What you should do:
Go to the line below that has "Smiling woman worker", print it and each line after it exactly, and stop after the line that has "When a site"; leave out pictures.

Dataset entries:
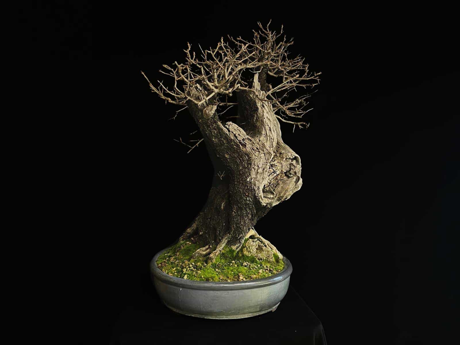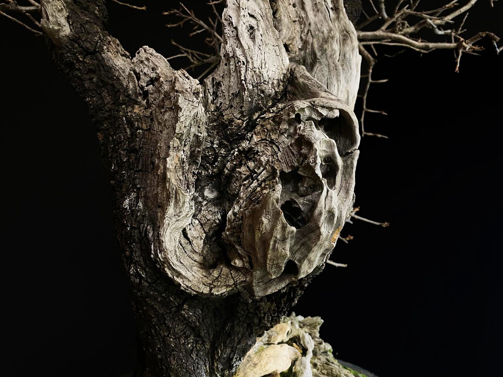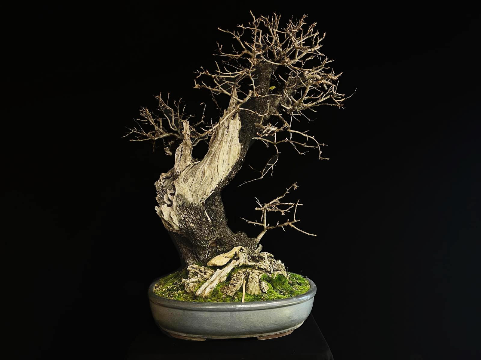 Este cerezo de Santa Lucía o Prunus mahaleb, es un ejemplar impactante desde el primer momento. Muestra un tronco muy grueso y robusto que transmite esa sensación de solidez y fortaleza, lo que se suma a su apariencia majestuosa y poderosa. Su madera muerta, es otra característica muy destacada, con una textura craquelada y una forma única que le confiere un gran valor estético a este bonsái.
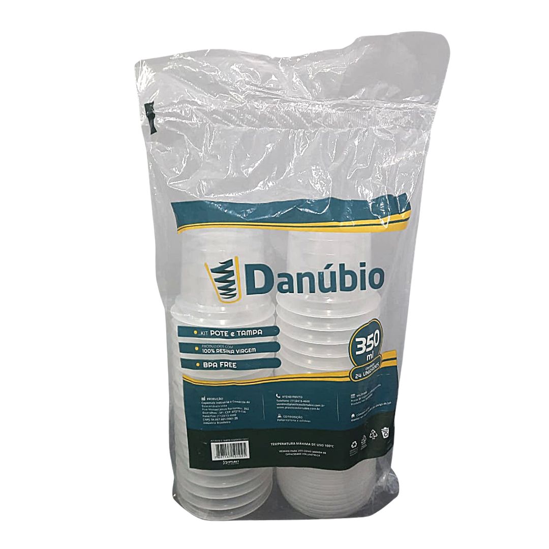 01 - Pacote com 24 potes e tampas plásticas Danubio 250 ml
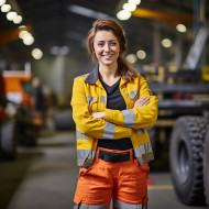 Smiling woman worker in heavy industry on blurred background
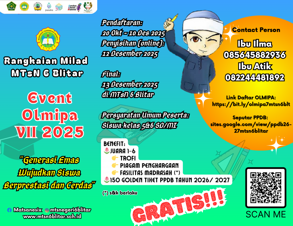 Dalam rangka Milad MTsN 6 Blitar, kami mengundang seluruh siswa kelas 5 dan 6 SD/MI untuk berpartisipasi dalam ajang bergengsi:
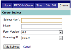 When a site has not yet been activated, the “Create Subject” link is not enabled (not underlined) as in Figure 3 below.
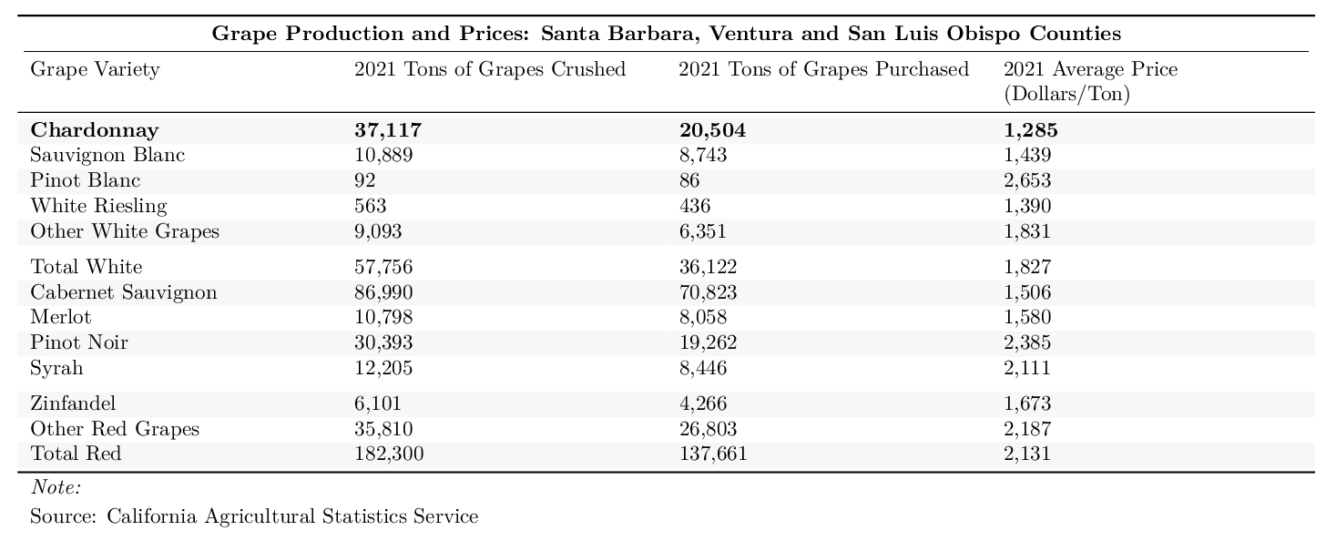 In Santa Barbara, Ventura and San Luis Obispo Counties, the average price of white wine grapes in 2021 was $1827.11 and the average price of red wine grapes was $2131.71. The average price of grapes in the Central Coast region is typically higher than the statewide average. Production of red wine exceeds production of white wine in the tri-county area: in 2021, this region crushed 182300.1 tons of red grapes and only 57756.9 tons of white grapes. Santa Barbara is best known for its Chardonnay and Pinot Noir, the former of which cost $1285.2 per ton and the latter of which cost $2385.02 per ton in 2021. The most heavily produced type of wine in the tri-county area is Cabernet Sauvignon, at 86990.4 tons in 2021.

* * *

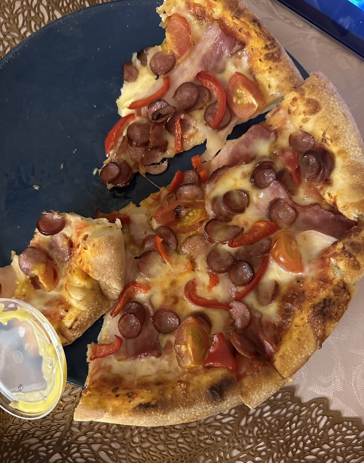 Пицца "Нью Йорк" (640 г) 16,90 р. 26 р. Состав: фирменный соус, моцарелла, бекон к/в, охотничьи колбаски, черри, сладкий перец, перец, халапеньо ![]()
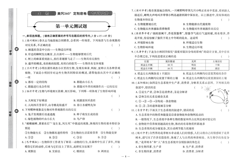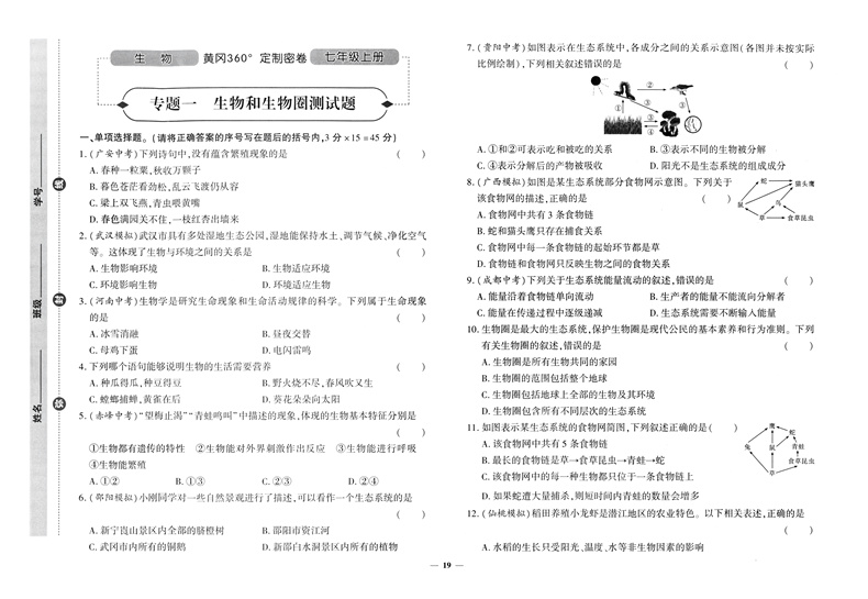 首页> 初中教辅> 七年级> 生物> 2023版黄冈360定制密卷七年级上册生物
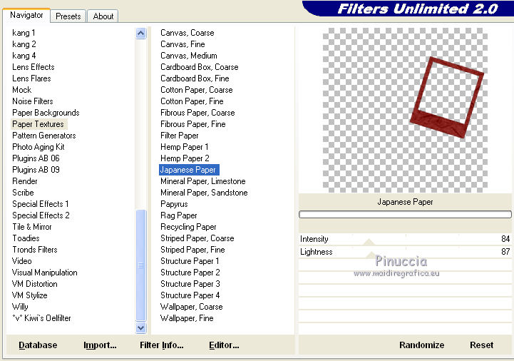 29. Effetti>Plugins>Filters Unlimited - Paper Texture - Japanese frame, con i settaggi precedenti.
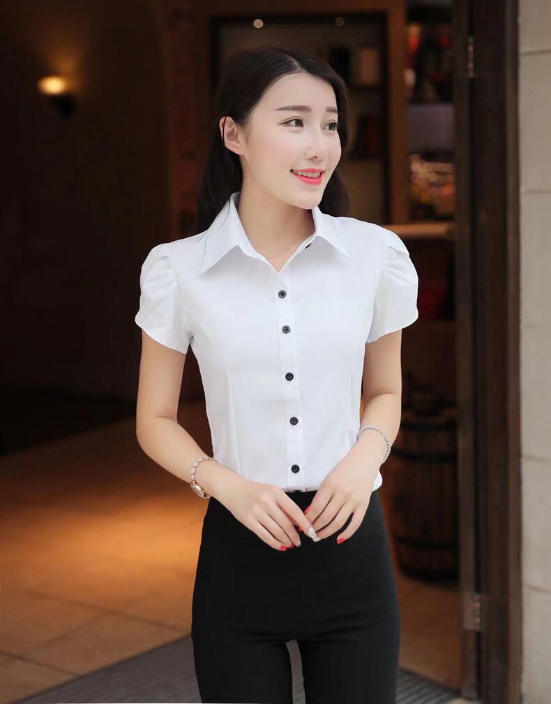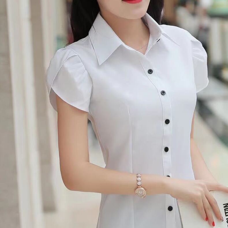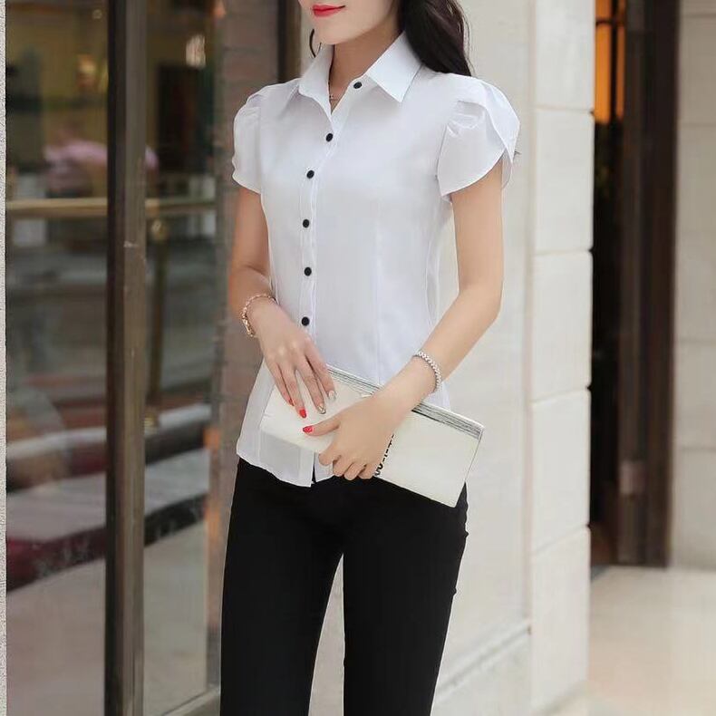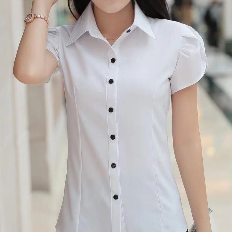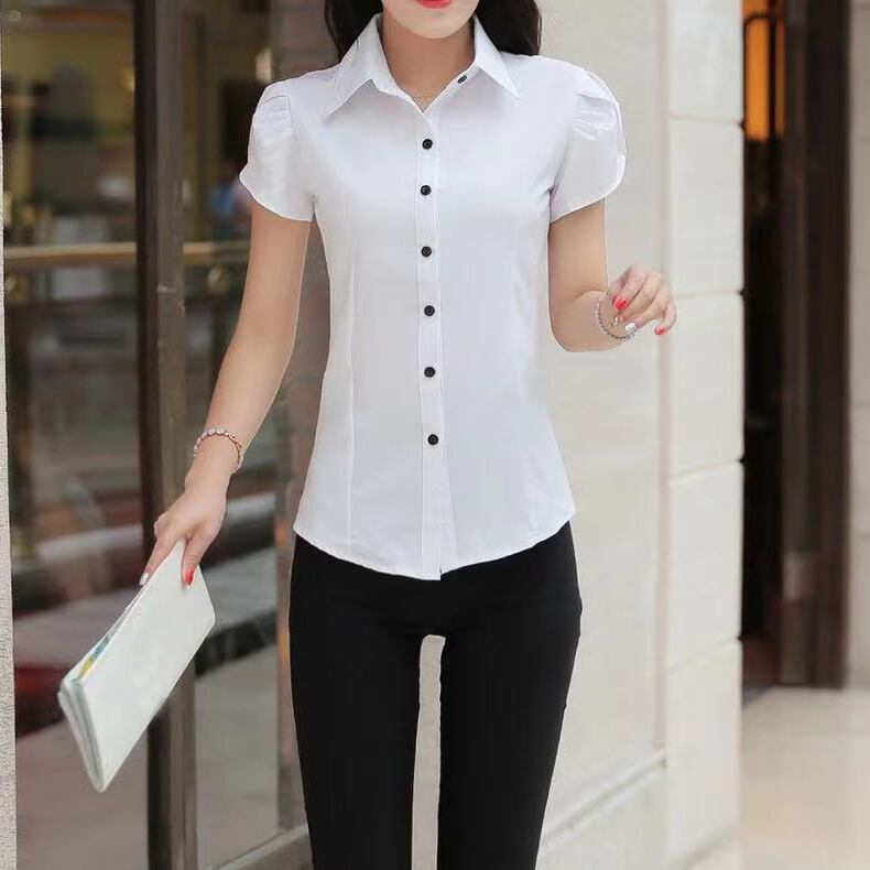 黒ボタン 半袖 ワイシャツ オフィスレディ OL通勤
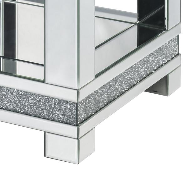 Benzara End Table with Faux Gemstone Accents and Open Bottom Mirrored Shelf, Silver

* * *

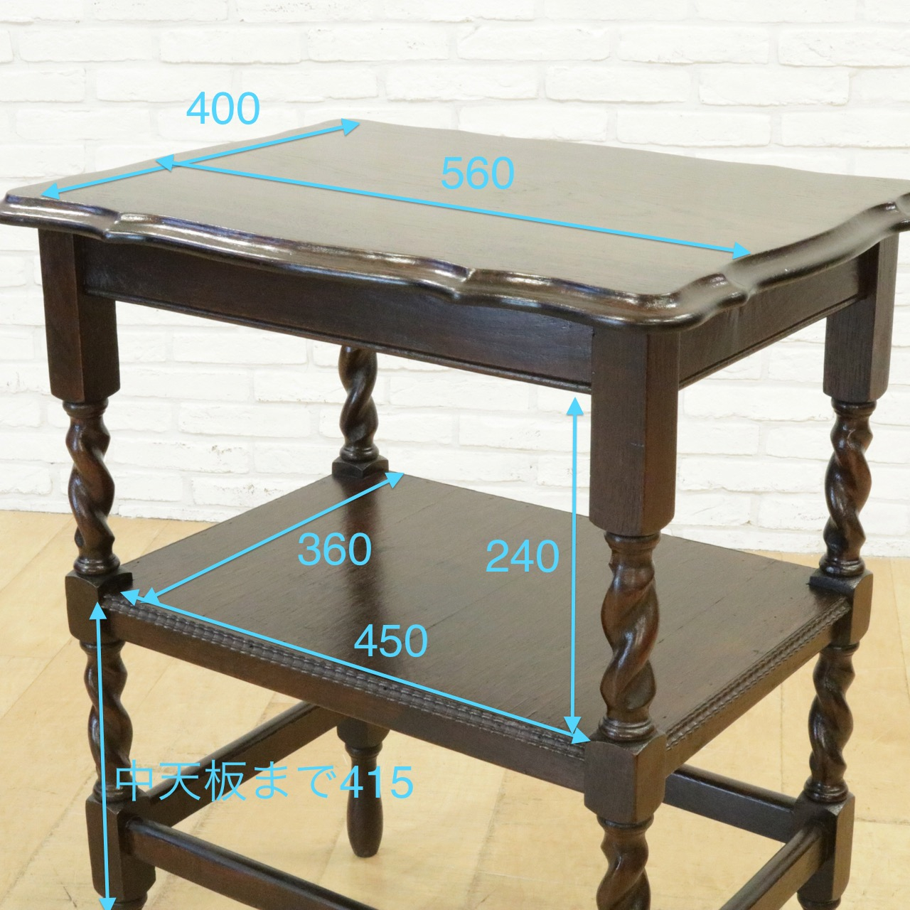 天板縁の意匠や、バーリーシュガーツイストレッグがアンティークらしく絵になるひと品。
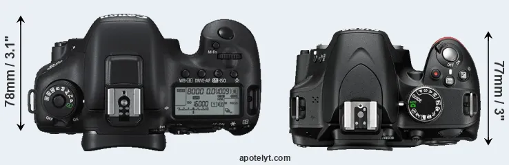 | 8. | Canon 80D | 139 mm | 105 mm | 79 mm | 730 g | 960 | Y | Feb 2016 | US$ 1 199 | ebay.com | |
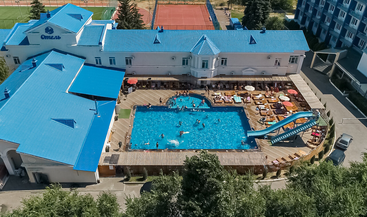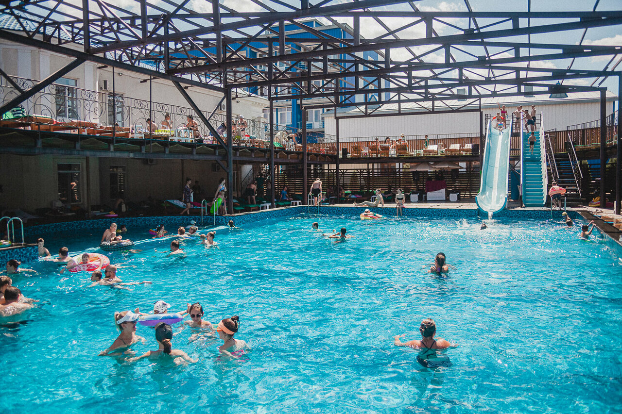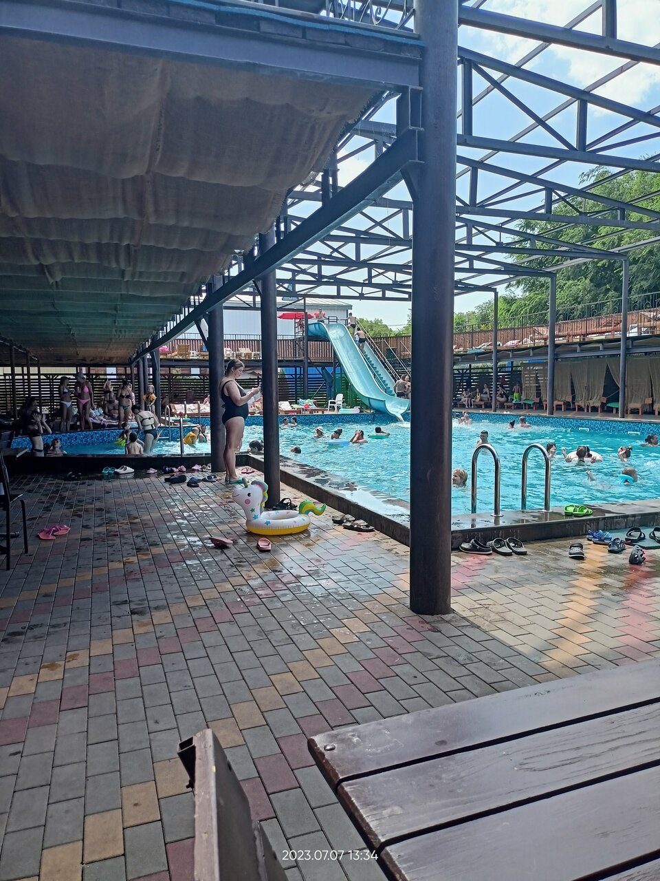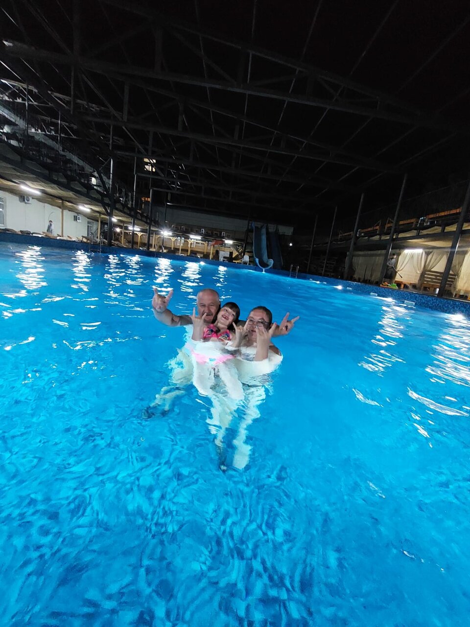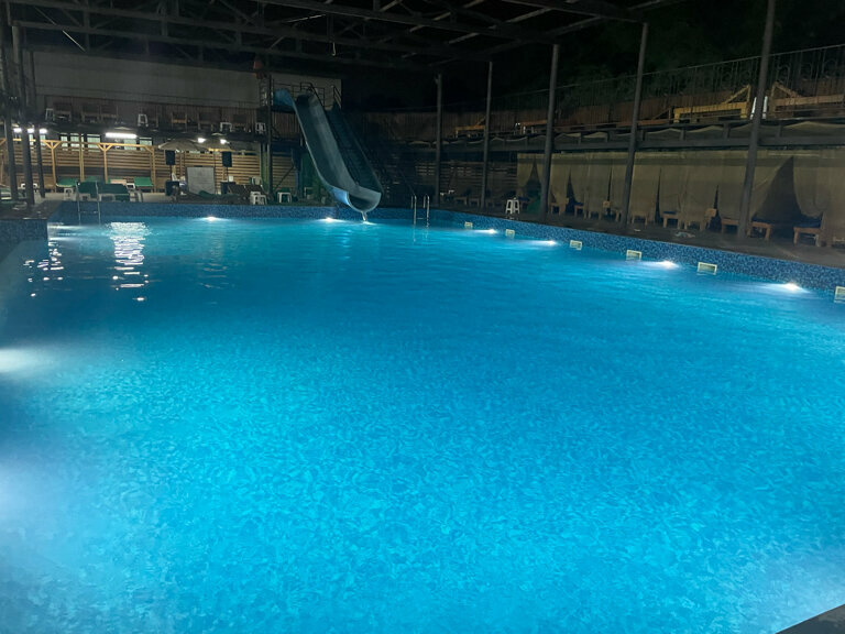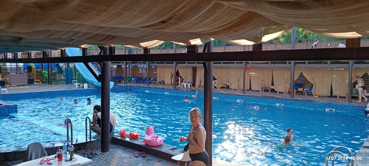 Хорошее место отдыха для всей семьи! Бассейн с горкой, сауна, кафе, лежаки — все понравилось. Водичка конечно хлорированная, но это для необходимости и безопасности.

Your response:
 Smiling woman worker in heavy industry on blurred background
 Dalam rangka Milad MTsN 6 Blitar, kami mengundang seluruh siswa kelas 5 dan 6 SD/MI untuk berpartisipasi dalam ajang bergengsi:
 When a site has not yet been activated, the “Create Subject” link is not enabled (not underlined) as in Figure 3 below.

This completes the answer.